It’s debilitating, isolating and can lead to severe depression — yet pain is widely accepted as something to be expected and regarded as ‘normal’ in later life. Now a new study from The University of Nottingham examines older people’s experiences of pain and how best Government, the NHS and social care agencies can address the issue.
The report, Pain in older people: reflections and experiences from an older person’s perspective, aims to highlight the issue of pain in older people by exploring their experiences of living and coping with persistent pain. Funded by Help the Aged and the British Pain Society, the study saw researchers interview older people about their experiences of pain and how it affected their lives, both physically and psychologically. Literature on pain in older people was also reviewed.
The report — which reveals that nearly five million people over the age of 65 are in some degree of pain and discomfort in the UK — has already led to questions being asked of the Government in the House of Lords.
By interviewing older people, the researchers identified specific themes in the way that they communicate, cope with and experience their pain.
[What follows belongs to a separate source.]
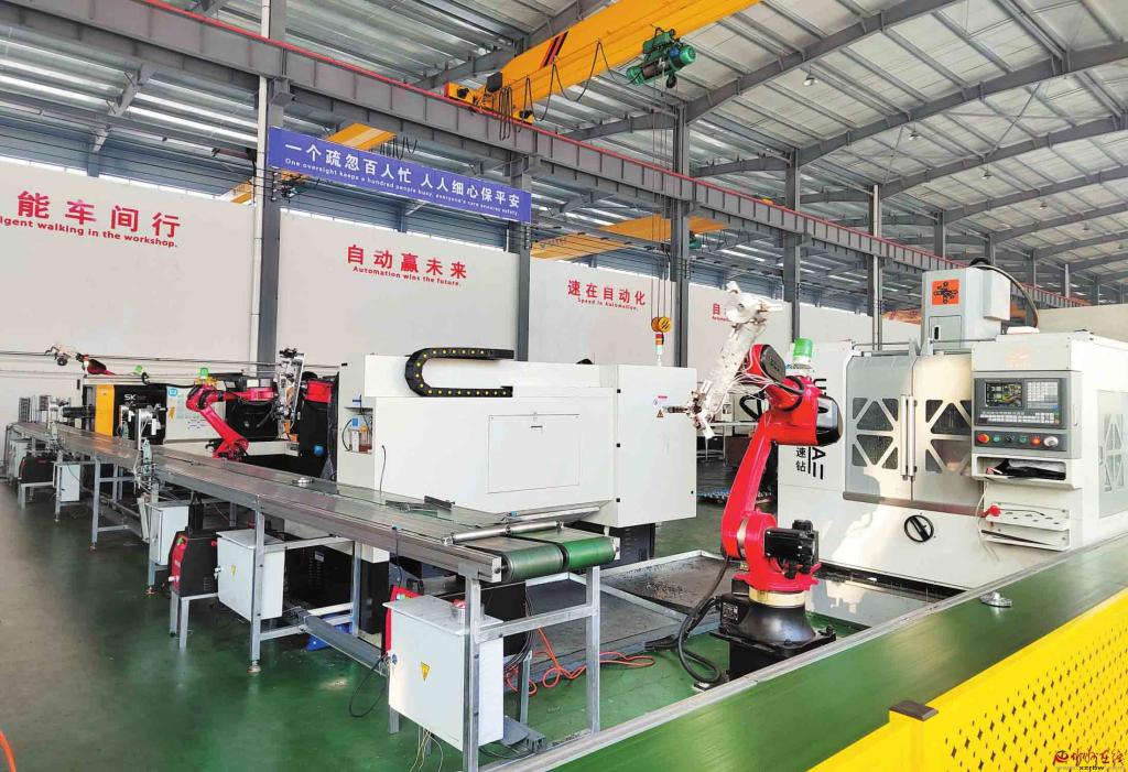 定襄縣高新技術創(chuàng)新服務中心小法蘭智能化生產線,是企業(yè)與高校合作研發(fā)的智能化生產成果轉化項目。該生產線可實現(xiàn)從原材料上料、加工到成品下料的全流程無人化操作,與過去法蘭生產線相比較,加工效率提升了約30%,產品生產成本整體降低了30%。(張玉虎 攝)

These include;
The report raises points for discussion and recommends ways in which agencies dealing with pain in older people — from the Government and policy-makers to the NHS and regulatory bodies — can help address this problem. These include suggestions that primary care trusts should encourage practice nurses and GPs to raise their awareness of the effect of pain in older people, and that Government should fund educational campaigns to do this; specialist pain services need to be tailored to older people and made more accessible; and including standards on pain management on recognised healthcare professional training schemes.
Dr Nick Allcock, Associate Professor in the University’s School of Nursing, Midwifery and Physiotherapy and Co-Director of the Nottingham Centre for Evidence Based Nursing and Midwifery, led the study. He said: “Pain in older people is highly prevalent and widely accepted as something to be expected and regarded as ‘normal’ in later life. Hence, suffering associated with persistent pain in older people often occurs without the appropriate assessment and treatment.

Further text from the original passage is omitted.